====== Excerpted data

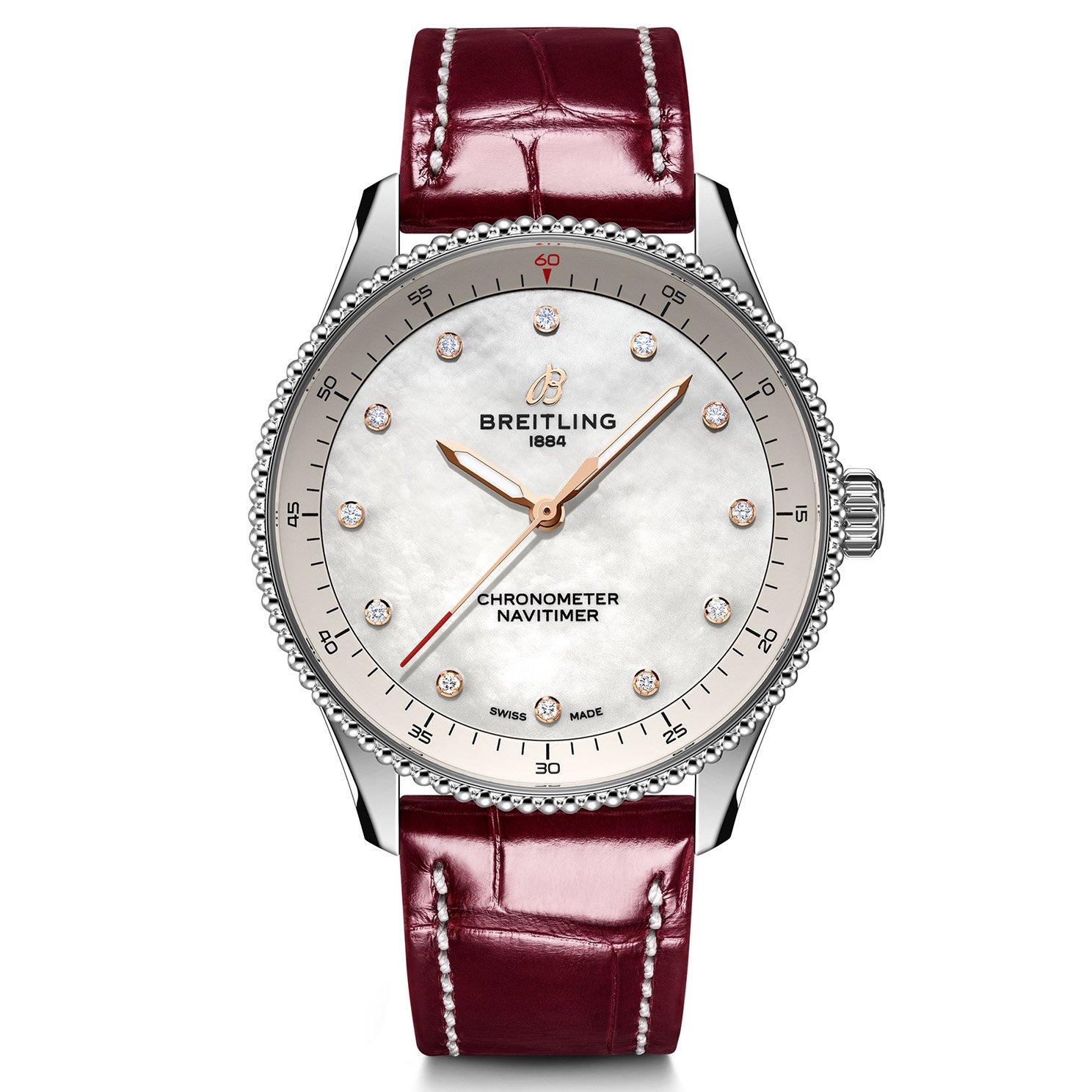 Showcasing iconic heritage and undeniably flawless style, this Breitling Navitimer 32 Diamond Mother of Pearl Leather Quartz Ladies Watch will elevate every look with a touch of timeless luxury. Styled with a red alligator leather strap, complemented with a classic white mother of pearl dial and lab grown diamond embellishment, this timepiece exudes sophisticated glamour in every detail. At A Glance Presented on an alligator leather strap and finished with a buckle 32mm case with 50m water resistance Classic white mother of pearl dial with stainless steel hands and lab grown diamond hour markers Sapphire crystal glass Powered by the Bretling Caliber 77, a supremely precise SuperQuartztm movement
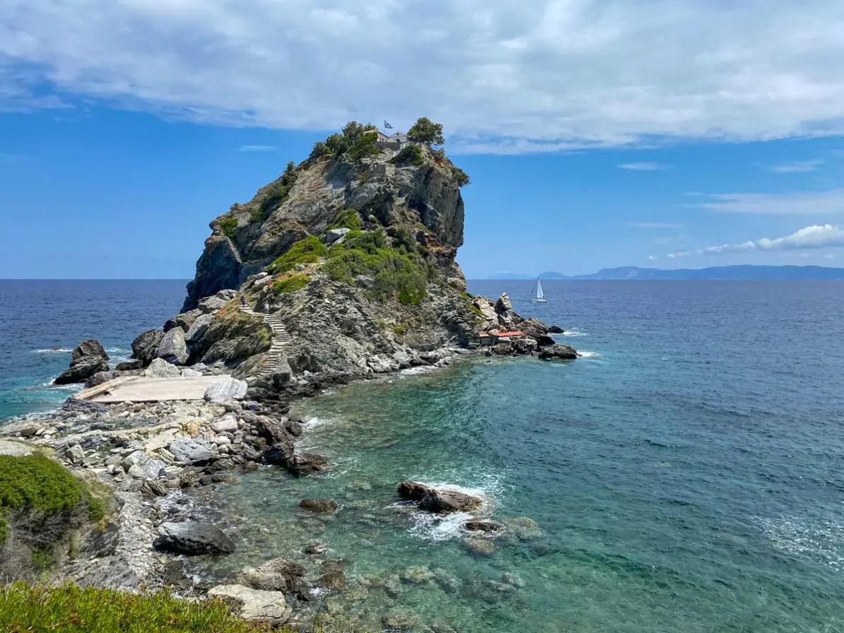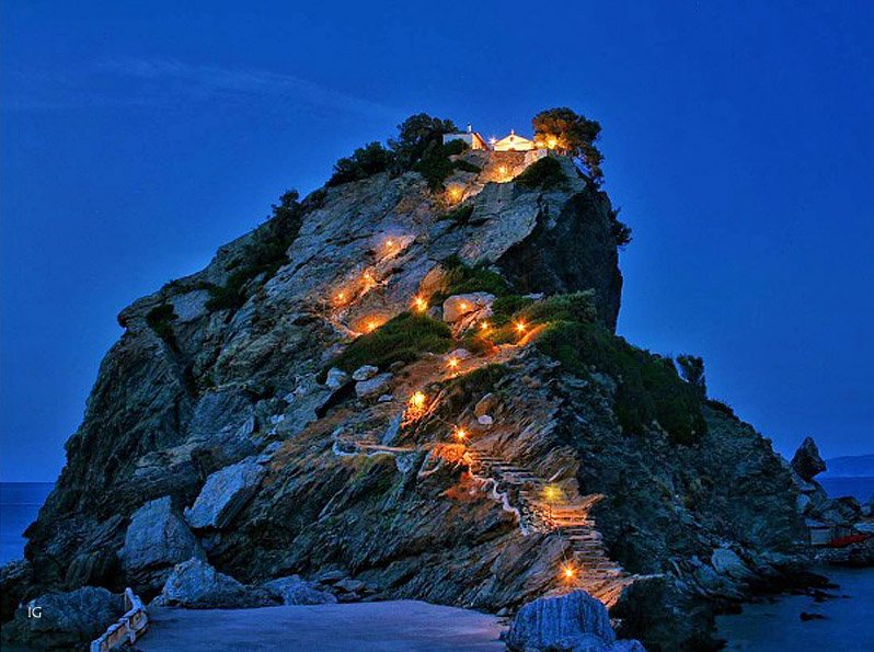 Adaya ulaşmak kolay değil: önce Atina ya da Selanik‘ten kara yoluyla Volos limanına, oradan feribotla Skopelos‘a geçiliyor. Ama belki de bu erişilmesi görece zor oluş, onun güzelliğini korumasının en büyük sebebi.
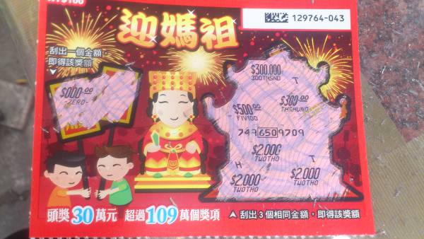 昨晚買1張黃金24K 沒中 恭禧中獎
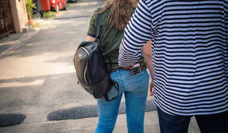 Street thief stealing money from back pocket of jeans woman., Robber, Thief concept
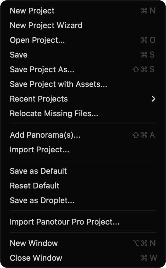 Import Panotour Project… – Import a Panotour Pro project. Learn more about importing PTP projects.
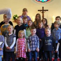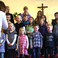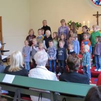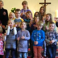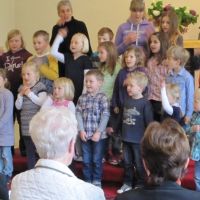 Über 20 Kinder bereicherten außerdem den Gottesdienst mit 2 eingeübten Stücken, die sie voller Begeisterung vor der Gemeinde präsentierten. Die Predigt zum Thema “Das Alte ist vergangen, siehe, Neues ist geworden.” (2.Kor.5,17) unterlegte Pastor Volkmar anschaulich mit einer Bildprojektion, bei der besonders die Kinder einbezogen wurden.

============

Work instructions: Please restate the data word for word, leaving out any picture it holds.

Task answer:
 Showcasing iconic heritage and undeniably flawless style, this Breitling Navitimer 32 Diamond Mother of Pearl Leather Quartz Ladies Watch will elevate every look with a touch of timeless luxury. Styled with a red alligator leather strap, complemented with a classic white mother of pearl dial and lab grown diamond embellishment, this timepiece exudes sophisticated glamour in every detail. At A Glance Presented on an alligator leather strap and finished with a buckle 32mm case with 50m water resistance Classic white mother of pearl dial with stainless steel hands and lab grown diamond hour markers Sapphire crystal glass Powered by the Bretling Caliber 77, a supremely precise SuperQuartztm movement
 Adaya ulaşmak kolay değil: önce Atina ya da Selanik‘ten kara yoluyla Volos limanına, oradan feribotla Skopelos‘a geçiliyor. Ama belki de bu erişilmesi görece zor oluş, onun güzelliğini korumasının en büyük sebebi.
 昨晚買1張黃金24K 沒中 恭禧中獎
 Street thief stealing money from back pocket of jeans woman., Robber, Thief concept
 Import Panotour Project… – Import a Panotour Pro project. Learn more about importing PTP projects.
 Über 20 Kinder bereicherten außerdem den Gottesdienst mit 2 eingeübten Stücken, die sie voller Begeisterung vor der Gemeinde präsentierten. Die Predigt zum Thema “Das Alte ist vergangen, siehe, Neues ist geworden.” (2.Kor.5,17) unterlegte Pastor Volkmar anschaulich mit einer Bildprojektion, bei der besonders die Kinder einbezogen wurden.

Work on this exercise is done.